I sort of gained expertise and employees and was able to but some of those worker empowerment things into practice and, lo and behold, it worked! I was running Sales and Support at a few small internet related companies in the late 80’s and early 90’s and using radical socialist models for compensation.

In the classic sales model, it’s all against all. I only win if others lose and my success depends on the failure of others. In addition, territories and quotas, the lifeblood of salespeople were usually capricious assigned, favorites rewarded, independence punished and generally really ugly workplaces. Think Glengarry Glen Ross. Lot’s of backstabbing and negative motivation to cooperate.

This may be too much inside baseball but it’s important. We divided up territories every 6 months or so, so that everybody got a historically equal territory. In addition EVERYONE got paid on EVERY sale. The individual sales rep got the most, and his team the next largest portion, but EVERYONE WANTED EVERY SALE. That means if the other guy’s phone rang and he was out, everyone dove for the phone. We quickly developed one of, no, the most cooperative workplaces I’ve ever had the pleasure to work in. There were a few other innovations, like doing almost everything over the phone, no suits, ideal hire 2 years out of college, ALL promotions from within, and just when we got the structure set up at the #3 Internet Service Provider in America, the internet exploded and we were in exactly the right place at the right time. Soon, we were global number one, and those other guys were out of business.



The normal sales model of guys in suits in cars or on airplanes couldn’t handle the volume and we did.

Over 100 of my employees became millionaires because of stock options we’d handed out, we had the largest proportion of female management of any telecom company in the world, the best maternity leave policy I’ve ever heard of, and the happiest most motivated work force I’d ever seen.

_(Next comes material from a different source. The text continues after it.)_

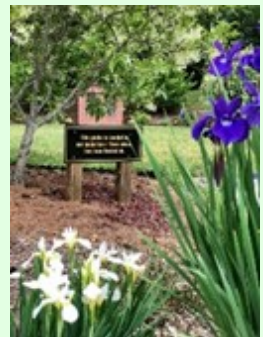
Entrance to Memorial Garden

I admit it – I'm a trespasser. When I'm on UUC's grounds, I am "trespassing" into the domain of a variety of wildlife. We have baby groundhogs who play in the peacock meadow which are cute, regardless of one's feelings about them. There are rabbits, squirrels moving about, birds feeding their newborns or looking for a lover, butterflies flying from flower to flower, ants building their expansive communities, and bees moving to and from the 3 hives. Sometimes I feel like an interloper spying on the activities of wildlife but also realize I am part of this web of life and am fortunate to be one of the caretakers. Life as we knew it may have ground to a halt, but not so with the activity on our grounds. We welcome you to come and explore, relax, and refresh.

How do you top growing from million to billions in 3 years?

You don’t. You retire. And try to make the world a better place.

And that’s it.

4 comments:

Steve said...

That seems like a business model that would work very well in Latin America, BUT for the fact that the people who have the capital can only see the model you proved to be counterproductive.

I wish you would consider being the Deming of the next phase of TLC's and intercountry interactive capitalism. I am afraid the people making the decisions are so anti collective that they undermine the natural tendencies (Hmm...maybe natural because it has worked in keeping people alive in marginal economies for milenia?) of Guatemalans at least, to work together for common goals.

If you weren't so busy being retired, I would pray for your movement into the consulting realm!

paula said...

Thanks for sharing, Jeff. I think you got where you are because you're smart and you have a lot of energy and confidence.

But, wow. I didn't expect such a genuine, detailed explanation of your highly successful and progressive business model. What I understood of it sounds very impressive and, well, just plain enlightened.

I guess it doesn't hurt to be smart, study economics, and be at the right place at the right time! Congrats! Soak up the rays, you deserve them. But leaving the beach to the consulting realm sounds worthy, too.

I was born an artist (a curse and a blessing) but was just savvy enough to marry a plumber. I stayed out of the right place at the wrong time, running frantically away from computers, which seemed liked cryptic and magical scepters, only to be wielded by math and science wizards.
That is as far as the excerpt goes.